> [Instructions for the task]
Entries below include pictures. Output exactly the lines from the one with "5.与1978年相比,198" down to the one with "The TAB 400", both ends included, and leave the pictures out.

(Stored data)
##########
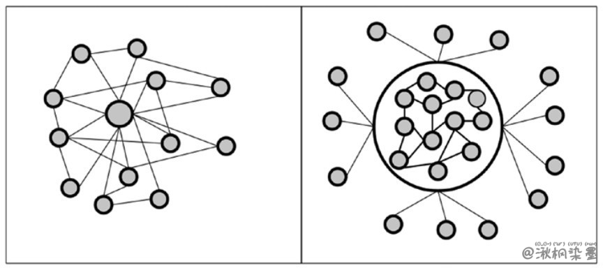 左图是一个拥有中心节点的去中心化系统,因为所有的小圆圈均与中间的大圆相连,实际是中心化系统,右面的系统中心节点是一个去中心化系统。两种架构拥有双重特质,即均具有去中心化系统与中心化系统的优点
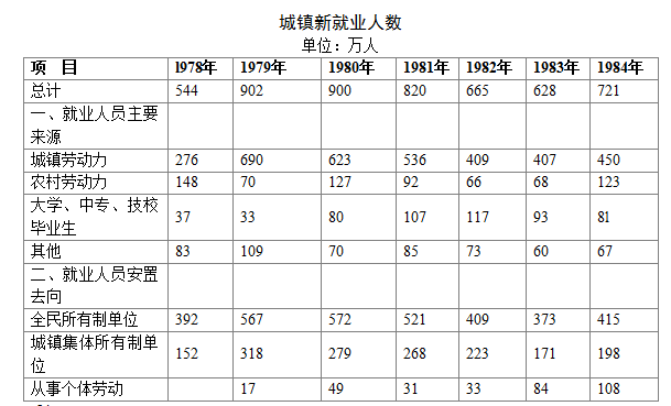 5.与1978年相比,1984年全民所有制单位安置的城镇新就业者的人数比例大约减少了多少个百分点( )。
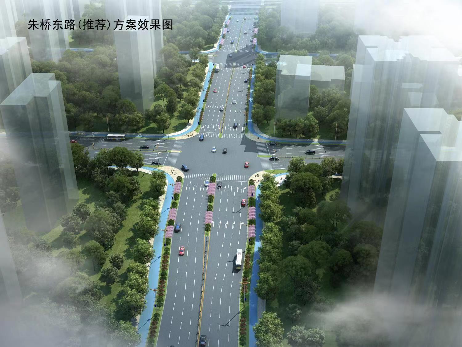 5)朱橋東路西起東站西路,東至站前三路,全長(zhǎng)約166m,規(guī)劃為城市次干道,道路紅線寬為44m,雙向8車(chē)道,設(shè)計(jì)速度為50km/h。
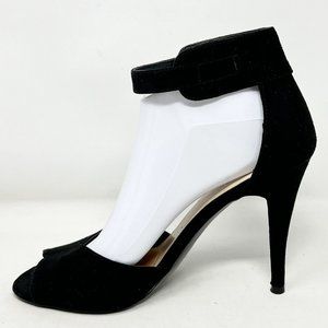 Nine West Ammazo Black Faux Suede Ankle Strap Fringe Accent 4” Heels Size 10M
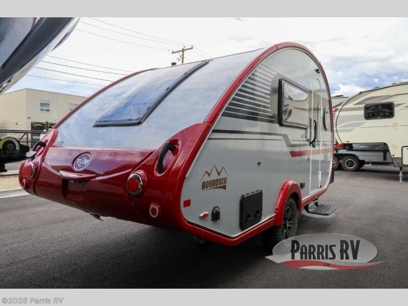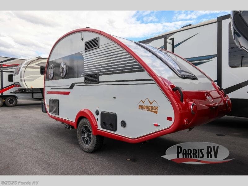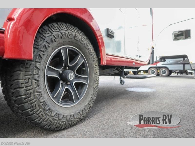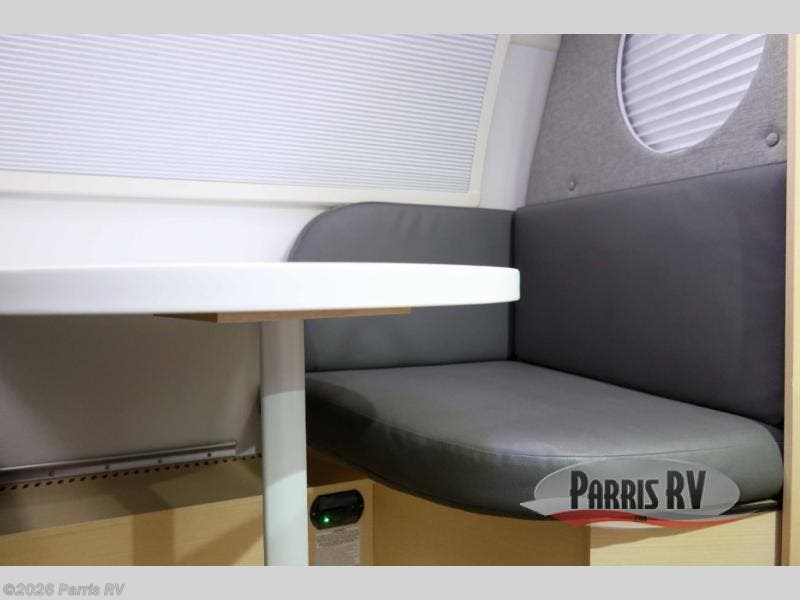The TAB 400 by nuCamp RV is mighty in essentials and spacious for a teardrop trailer! There is a queen-size sleeping area, a spacious wet bath, a galley kitchen and plenty of storage plus a dinette. Inside you will enjoy the Bluetooth media center, the LED lights, the screen/shade system, and the custom Ohio-Amish cabinetry. Some conveniences include a solar roof package allowing you to choose a spot off-grid to camp, a power center with a lithium switch, and two 6-volt AGM batteries. There is a Boondock package option available with 15" sport rims, aggressive off-road tires, a Boondock entry handle and graphics, plus more if you choose to add that option. Select a TAB 400 today to enjoy the unique shape of the teardrop, and the spacious interior for extended trips!
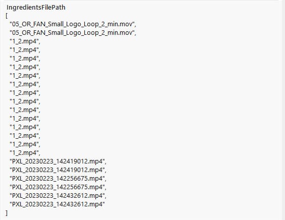 Going further, we can also see that the Pantry project file path points to a user named ‘Sergey’. Additionally, the user stored the Adobe Photoshop project file in a folder named ‘FAN_2021’. The IngredientsFilePath, which in this case details the separate files used to create the final video file shows several inconsistencies.
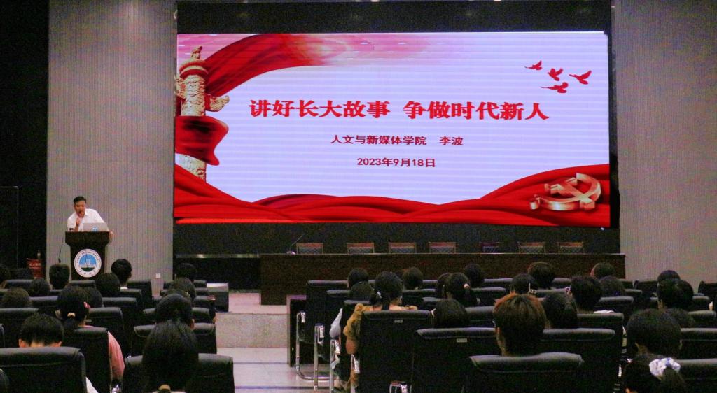 开学典礼结束后,学院党委书记李波以“讲好长大故事,争做时代新人”为题,为390名新生讲授开学第一课。李波从“百年党史中的长大故事、怎样讲好长大故事、如何书写自己的长大故事”三个方面,勉励同学们从长大发展历程中汲取奋进力量,争做时代新人。他希望同学们做有志青年,做有为青年,做有识青年,在青春赛道上跑出最好成绩,在长大的岁月里遇见最好的自己!
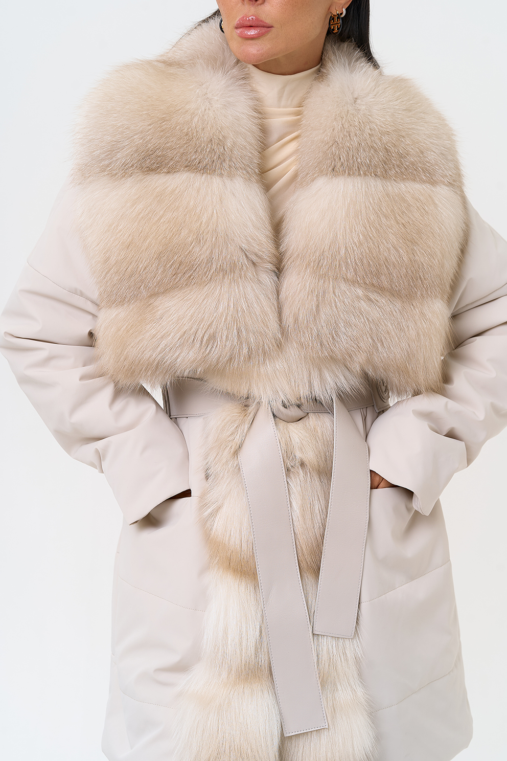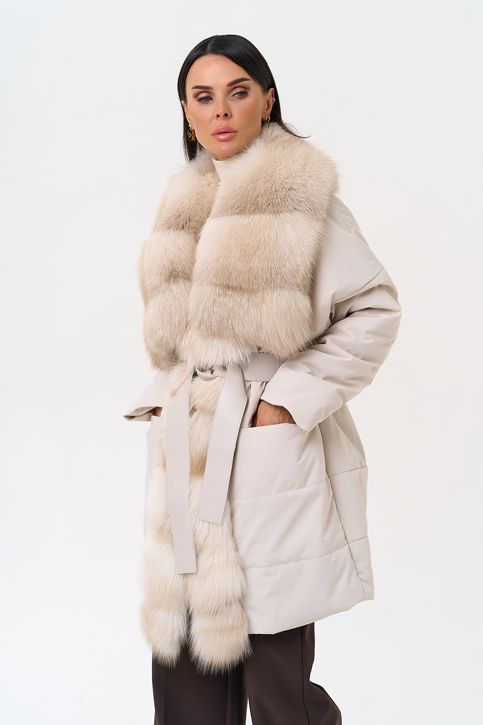 Вид застежки - кнопки, брендированный пояс из натуральной кожи
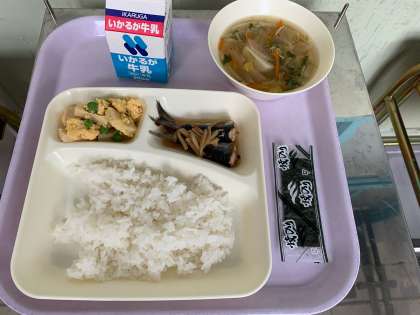 ごはん 牛乳 いわしのしょうが煮 うすくず汁 高野豆腐の卵とじ
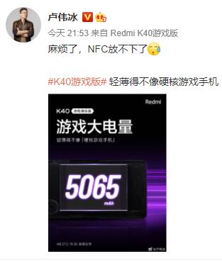 家電消費網4月25日訊 Redmi K40游戲增強版沒有NFC功能。今日晚間,Redmi總裁在微博上表示,“麻煩了,NFC放不下了。”
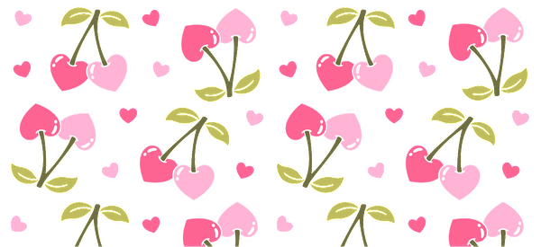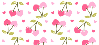 A cheerful pattern featuring pink heart-shaped cherries and small hearts on black.UV Transfers
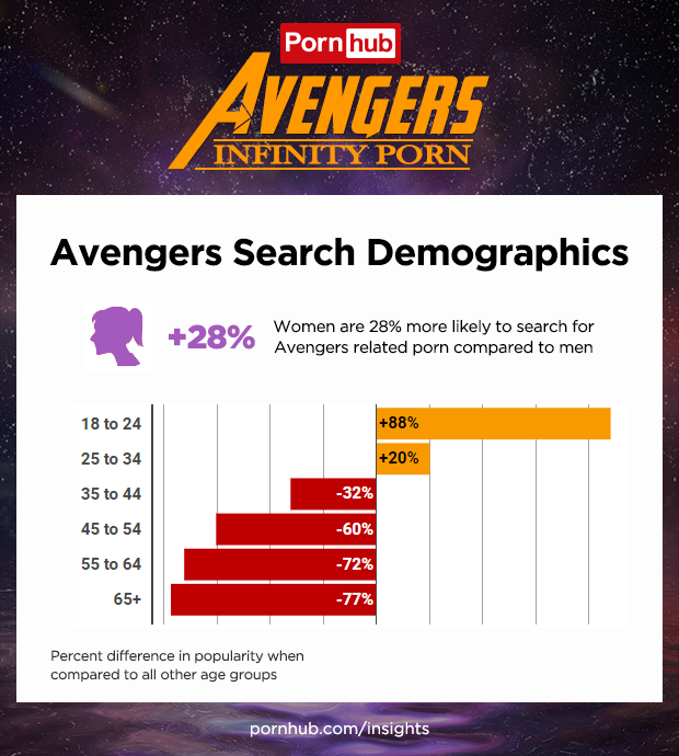 Our statisticians found that women are 28% more likely to search for Avengers when compared to men, and millennials under the age of 35 are far more likely to search when compared to older age groups.
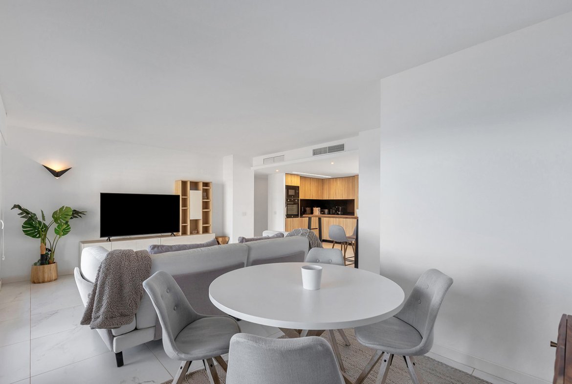 This exclusive 5th-floor apartment is located in the prestigious Posidonia residential complex, on the seafront in Punta Prima. Originally designed with three bedrooms, the property was modified off-plan to offer 94 m² of pure comfort, now distributed into two spacious bedrooms and two bathrooms, gaining exceptional spaciousness in the living areas.
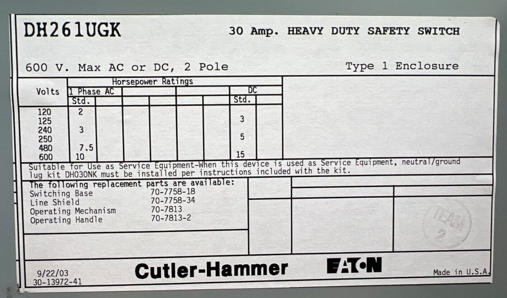 Eaton DH261UGK Safety Disconnect Switch 30A 2P 600V Type 1 Indoor Enclosure
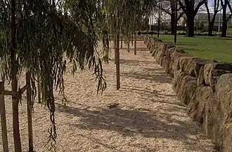 Speaker's Corner, in the south-eastern corner of Birrarung Marr, was a remnant of Yarra Park between the Jolimont Rail Yards and Yarra River that was used as a location for public lectures, protests and demonstrations. For example, in 1916, an estimated 50,000 people came to protest against conscription. These activities had been moved to the north bank of the Yarra River after construction of the Queen Victoria Monument at their earlier venue on the south bank. The site was one of the few public spaces in Melbourne where large public assemblies and speeches were allowed without a prior permit. The mounds that speakers used to stand on to address these crowds can still be seen in this corner of Birrarung Marr.
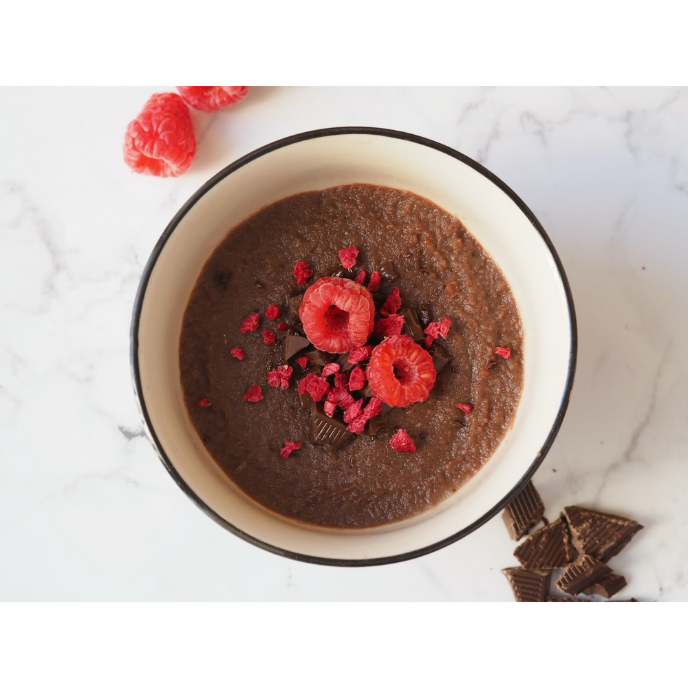Instantné ryžová múka 25%, hrachový bielkovinový koncentrát 20%, kokosový tuk, sušený glukózový sirup, trstinový cukor, inulín 6,4%, natívny kukuričný škrob, čokoláda horká 5% (cukor, kakaová hmota, kakaové maslo, emulgátor: slnečnicový lecitín, prírodná vanilková aróma), kakaový prášok so zníženým obsahom tuku, probiotické kultúry 6 kmeňov * (množstvo 5 miliárd na 1 porciu); vitamínový a minerálny premix, sul, regulátor kyslosti: kyselina citrónová, emulgátor: E472e (rastlinný pôvod), stabilizátor: E340, protihrudkujúca látka: E551, aróma.
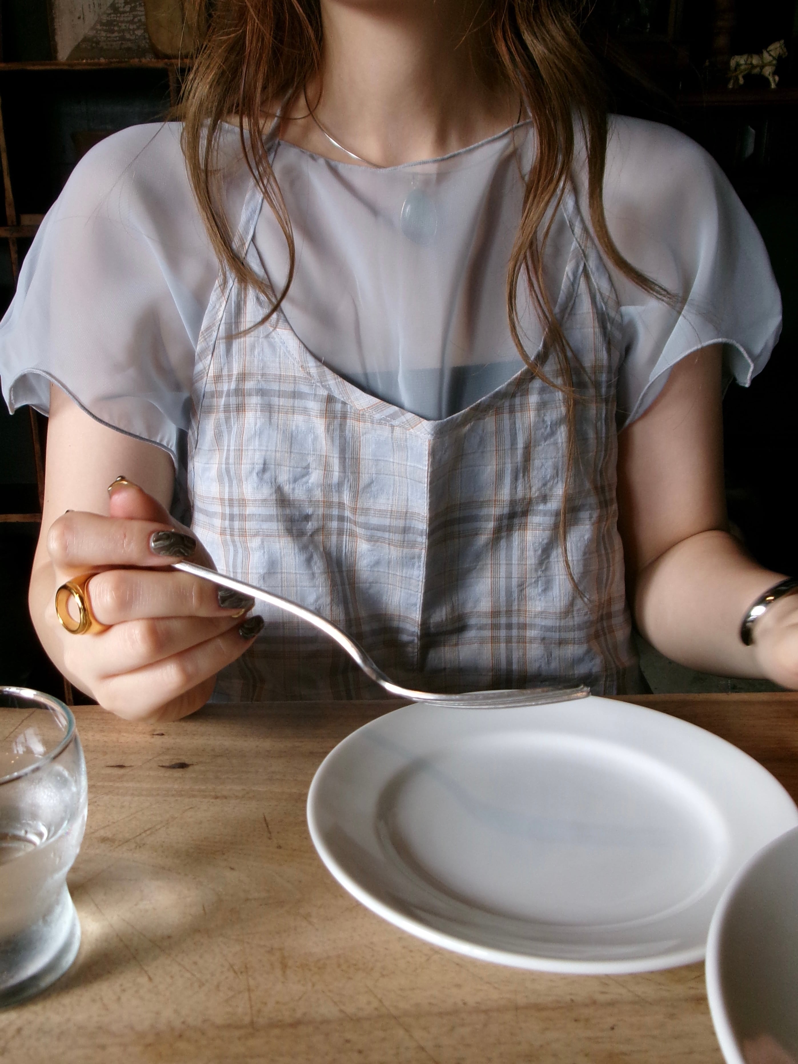 アームホールが広く柔らかいため、シルエットが優しい印象になります。
##########
> [Reply to the exercise]
 5.与1978年相比,1984年全民所有制单位安置的城镇新就业者的人数比例大约减少了多少个百分点( )。
 5)朱橋東路西起東站西路,東至站前三路,全長(zhǎng)約166m,規(guī)劃為城市次干道,道路紅線寬為44m,雙向8車(chē)道,設(shè)計(jì)速度為50km/h。
 Nine West Ammazo Black Faux Suede Ankle Strap Fringe Accent 4” Heels Size 10M
The TAB 400 by nuCamp RV is mighty in essentials and spacious for a teardrop trailer! There is a queen-size sleeping area, a spacious wet bath, a galley kitchen and plenty of storage plus a dinette. Inside you will enjoy the Bluetooth media center, the LED lights, the screen/shade system, and the custom Ohio-Amish cabinetry. Some conveniences include a solar roof package allowing you to choose a spot off-grid to camp, a power center with a lithium switch, and two 6-volt AGM batteries. There is a Boondock package option available with 15" sport rims, aggressive off-road tires, a Boondock entry handle and graphics, plus more if you choose to add that option. Select a TAB 400 today to enjoy the unique shape of the teardrop, and the spacious interior for extended trips!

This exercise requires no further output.